● WORK ORDER
Return the lines that run from the beginning of the entries to the line holding "Die Webcam an", inclusive, and drop the pictures.

Dataset entries
------------------------------------------------------------------------

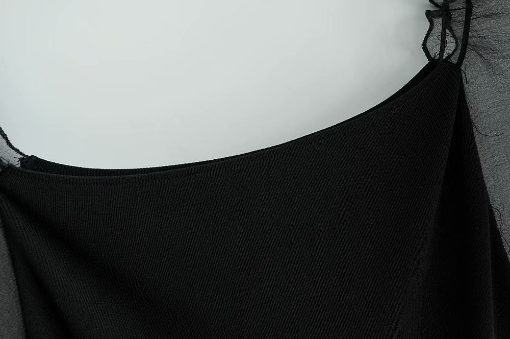 It is short and features fashionable sheer sleeves.
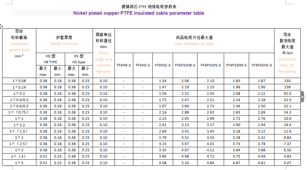 鍍鎳銅芯PTFE絕緣電線參數(shù)表
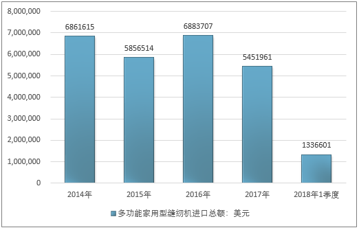 2016年我国多功能家用型缝纫机进口总额6883707美元,2017年进口总额5451961美元;2019年1季度进口总额1336601美元。
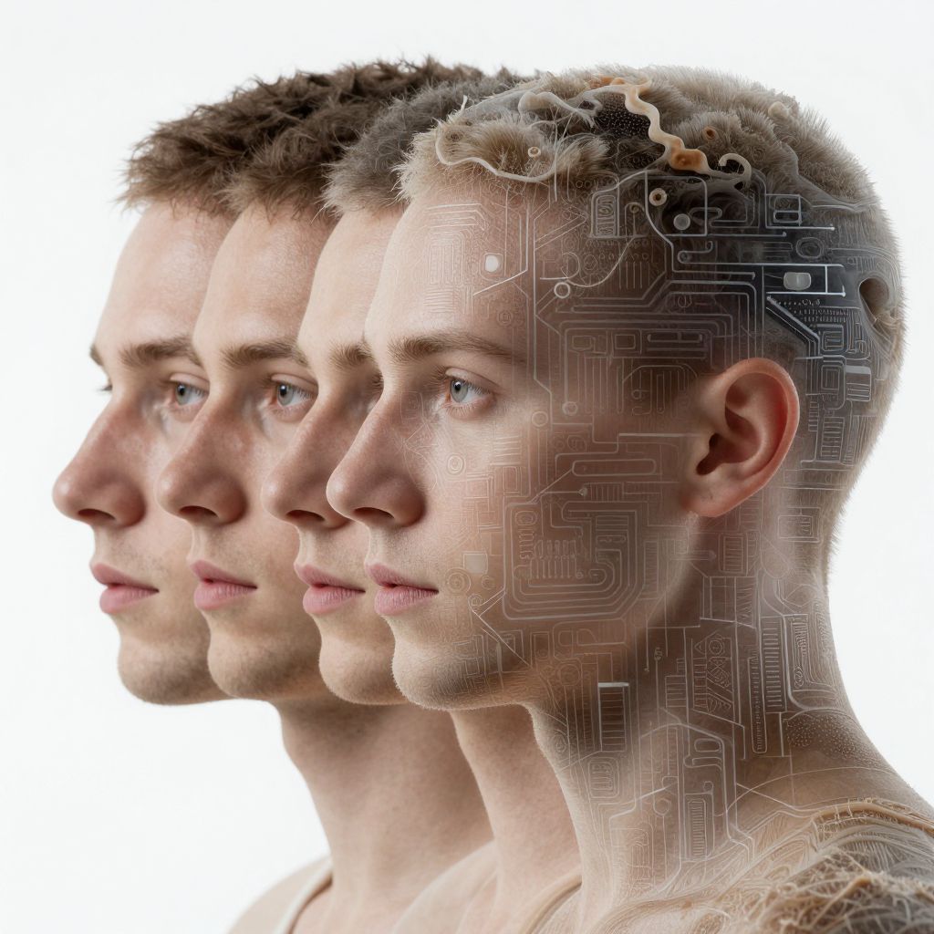 A surreal representation of iteration featuring a series of overlapping transparent human faces evolving in complexity, blending organic textures with circuit patterns, illustrating the process of repeated enhancements and learning.
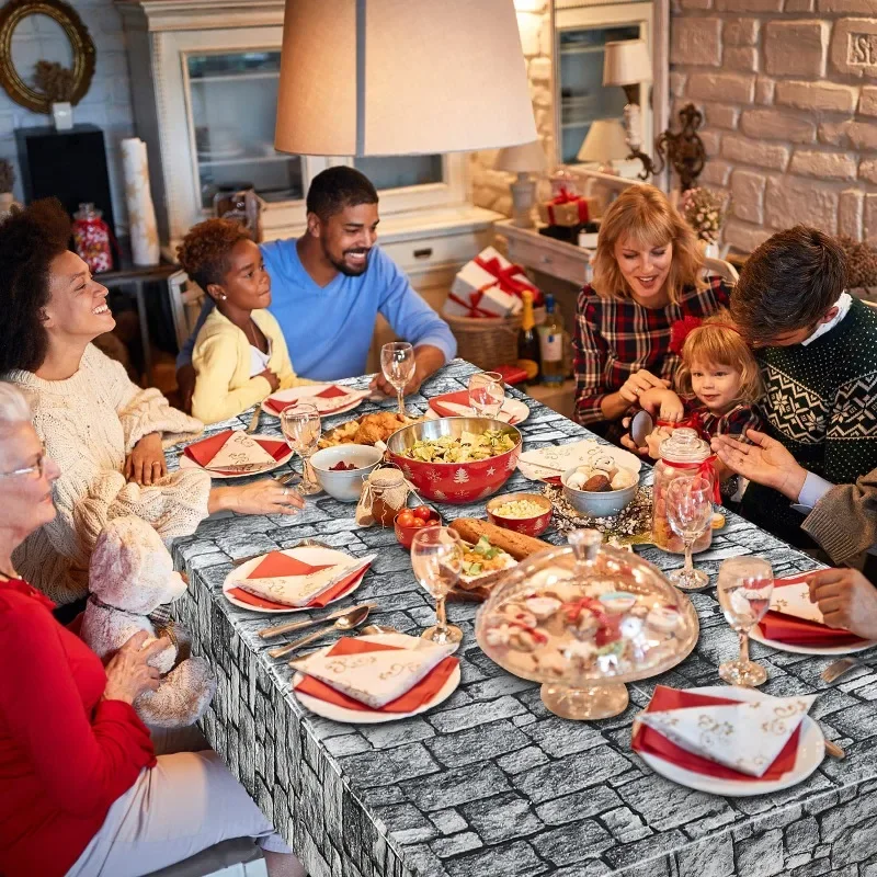 What you will get: it comes with cobblestone plastic tablecloth, it measures 274 x 137 cm / 8.99 x 4.49 ft, which is large enough for most tables and can be applied together for parties with multiple people
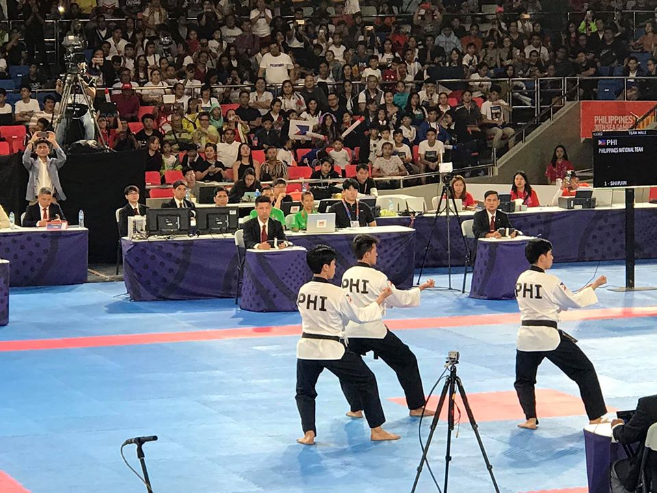 It was poomsae day for taekwondo. More like demo demo and not combat (which is called kumite). They had individual recognized poomsae when we got there. The Filipina won the gold. Then they had group recognized poomsae where the men's team won gold.
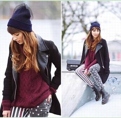 酒红色的毛衣本身就看上去暖和搭配上皮质大衣更加让身上不透风而下身选择是米国国旗的牛仔裤而且是塞到鞋子里面的,让整体的保暖又时尚,而这里还采用了帽子的点缀让整体看上去更加的时尚和漂亮。
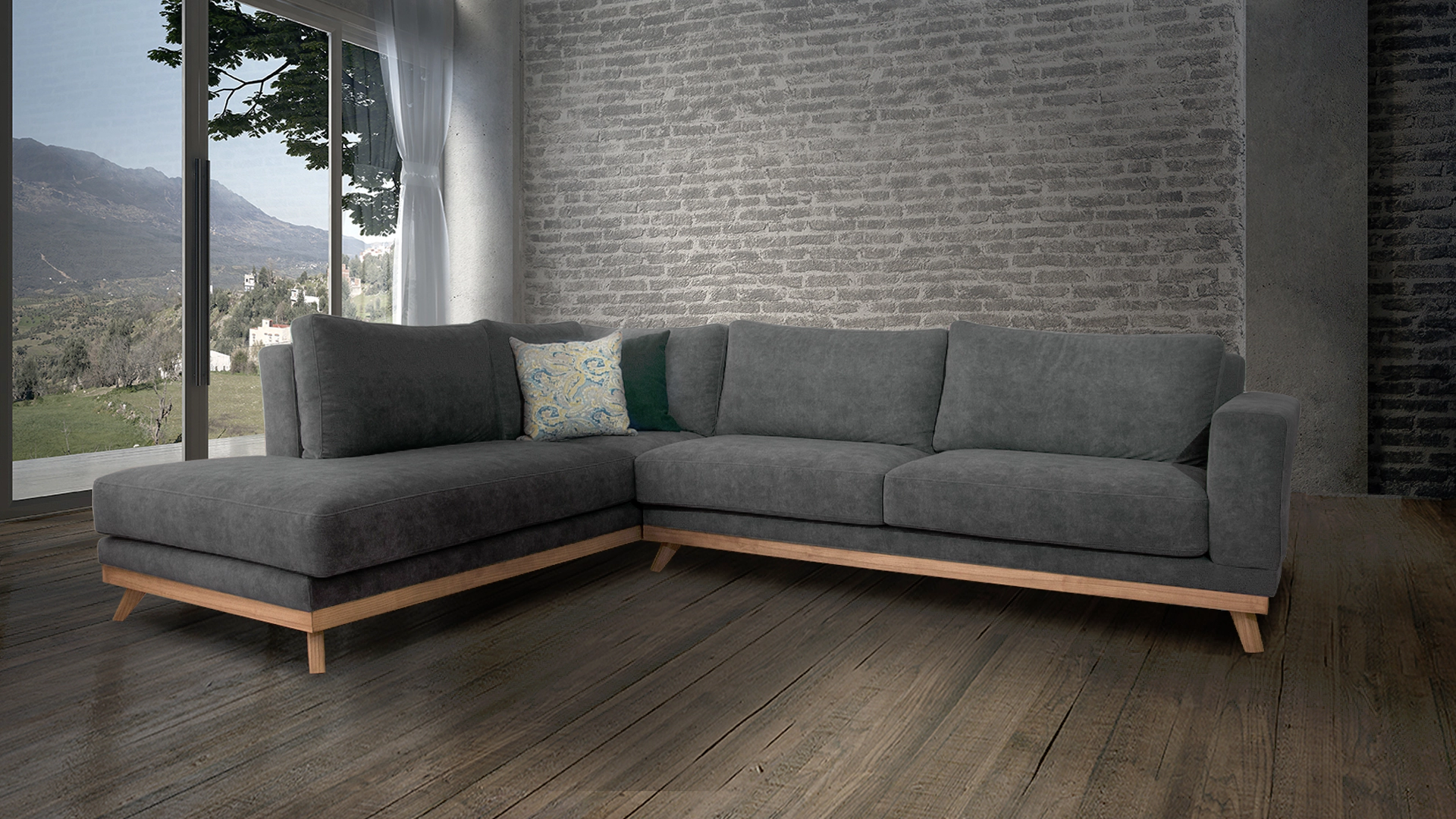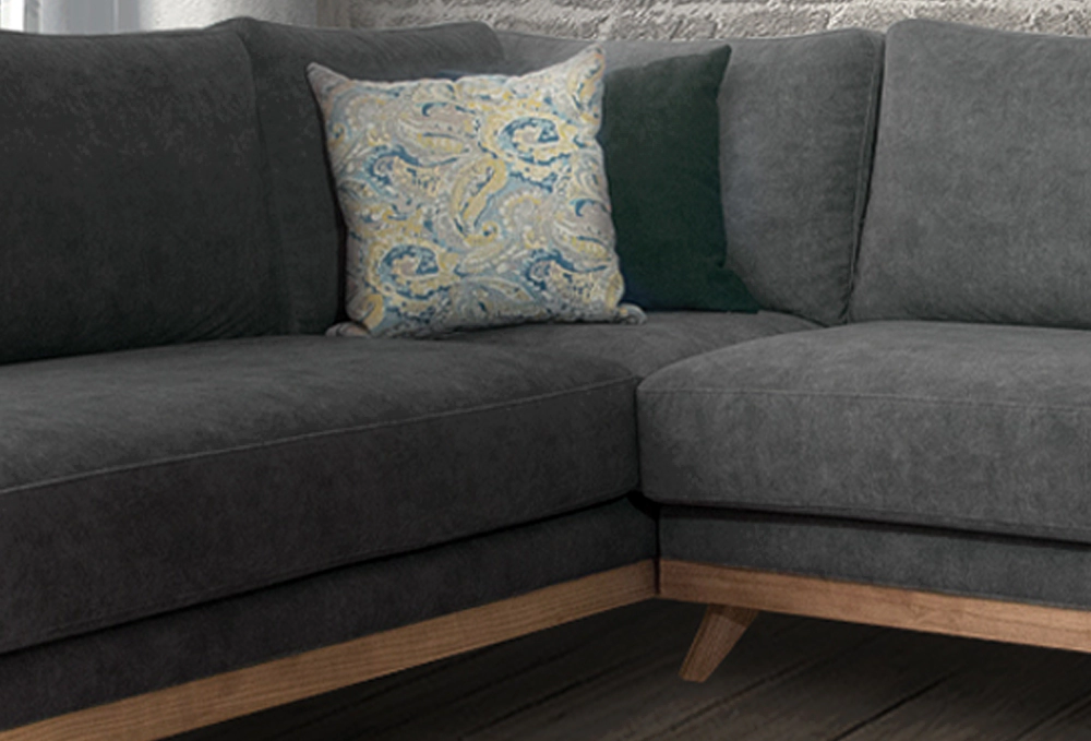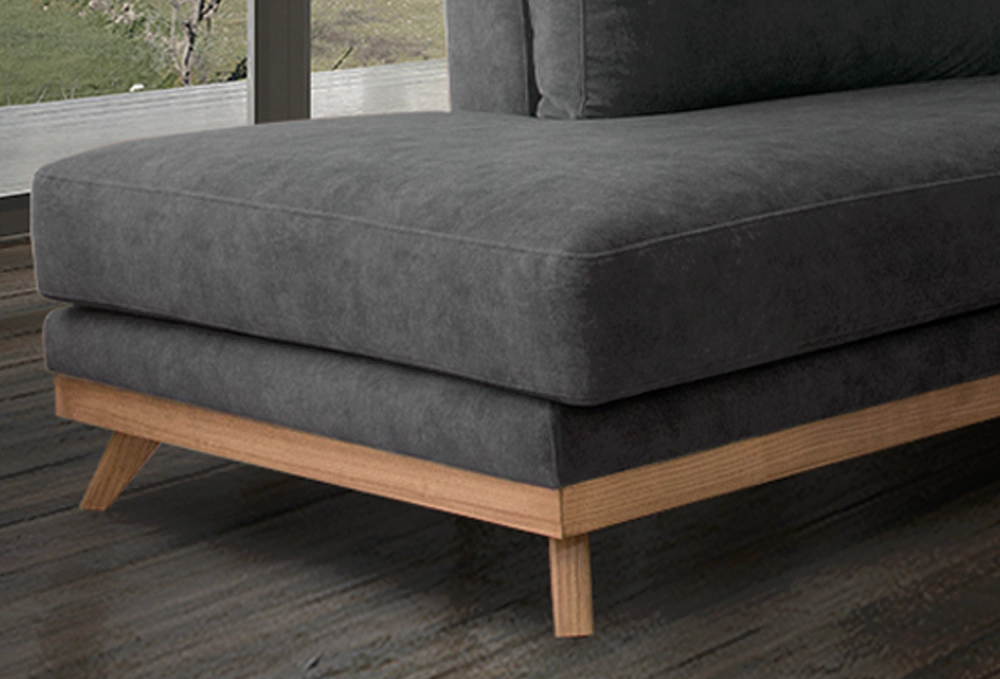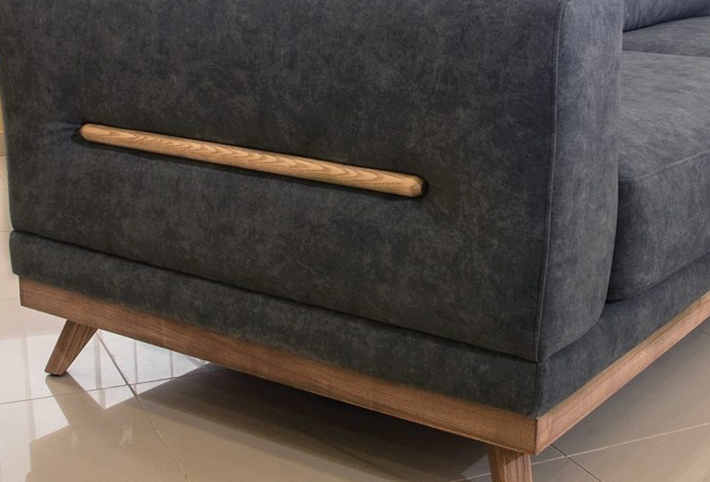 Η λεπτομέρεια του περιμετρικού ξύλου στο κάτω μέρος του καναπέ, σε απόλυτη αρμονία με τα καλαίσθητα πόδια του, δημιουργεί μια ιδιαιτέρως εντυπωσιακή βάση. Το φυσικό υλικό του ξύλου προσθέτει θερμότητα και χαρακτήρα, ενώ η αντίθεση με το ύφασμα ενισχύει την κομψή του παρουσία.
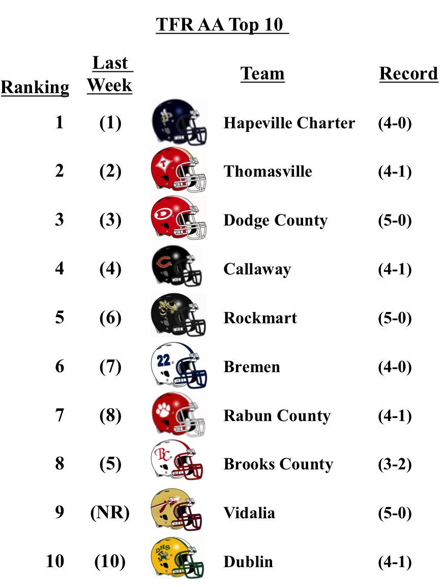 In Class 2A, Brooks County drops to No. 8 after getting shutout by TCC; while undefeated Vidalia debuts in the poll at No. 9 this week.
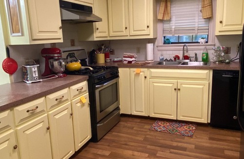 Your stay in this spacious 1800 square foot home includes three beautifully decorated bedrooms, accommodating up to eight guests comfortably. With two full baths, a fully equipped kitchen, and a large gathering area adorned with cozy furniture, each corner of the house invites relaxation and togetherness. Enjoy the outdoors on the front porch or gather around the fire pit on the patio. For those traveling in RVs, you can take advantage of the convenient RV hookup available, making it easier for friends and family to join the celebration.
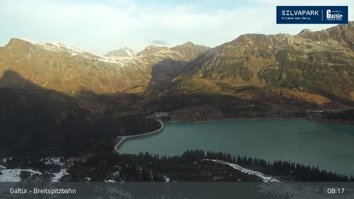 Die Webcam an der Breitspitzbahn in Galtür blickt auf die umliegende Bergwelt.
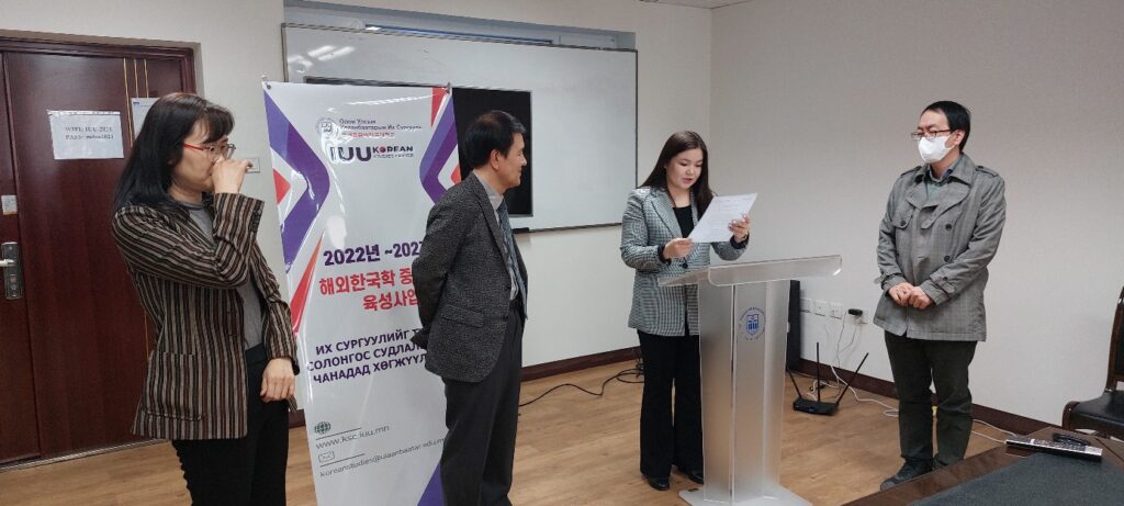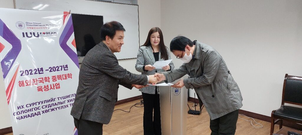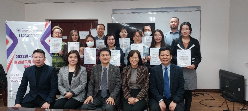 국제울란바타르대학교는 2023년 3월 4일(토), 해외 한국학 중핵대학 육성사업 일환으로 국제지역학 한국학전공 12명의 대학원생(석사)들에게 장학증서를 수여하였습니다.

------------------------------------------------------------------------

● WRITTEN REPLY
 It is short and features fashionable sheer sleeves.
 鍍鎳銅芯PTFE絕緣電線參數(shù)表
 2016年我国多功能家用型缝纫机进口总额6883707美元,2017年进口总额5451961美元;2019年1季度进口总额1336601美元。
 A surreal representation of iteration featuring a series of overlapping transparent human faces evolving in complexity, blending organic textures with circuit patterns, illustrating the process of repeated enhancements and learning.
 What you will get: it comes with cobblestone plastic tablecloth, it measures 274 x 137 cm / 8.99 x 4.49 ft, which is large enough for most tables and can be applied together for parties with multiple people
 It was poomsae day for taekwondo. More like demo demo and not combat (which is called kumite). They had individual recognized poomsae when we got there. The Filipina won the gold. Then they had group recognized poomsae where the men's team won gold.
 酒红色的毛衣本身就看上去暖和搭配上皮质大衣更加让身上不透风而下身选择是米国国旗的牛仔裤而且是塞到鞋子里面的,让整体的保暖又时尚,而这里还采用了帽子的点缀让整体看上去更加的时尚和漂亮。
 Η λεπτομέρεια του περιμετρικού ξύλου στο κάτω μέρος του καναπέ, σε απόλυτη αρμονία με τα καλαίσθητα πόδια του, δημιουργεί μια ιδιαιτέρως εντυπωσιακή βάση. Το φυσικό υλικό του ξύλου προσθέτει θερμότητα και χαρακτήρα, ενώ η αντίθεση με το ύφασμα ενισχύει την κομψή του παρουσία.
 In Class 2A, Brooks County drops to No. 8 after getting shutout by TCC; while undefeated Vidalia debuts in the poll at No. 9 this week.
 Your stay in this spacious 1800 square foot home includes three beautifully decorated bedrooms, accommodating up to eight guests comfortably. With two full baths, a fully equipped kitchen, and a large gathering area adorned with cozy furniture, each corner of the house invites relaxation and togetherness. Enjoy the outdoors on the front porch or gather around the fire pit on the patio. For those traveling in RVs, you can take advantage of the convenient RV hookup available, making it easier for friends and family to join the celebration.
 Die Webcam an der Breitspitzbahn in Galtür blickt auf die umliegende Bergwelt.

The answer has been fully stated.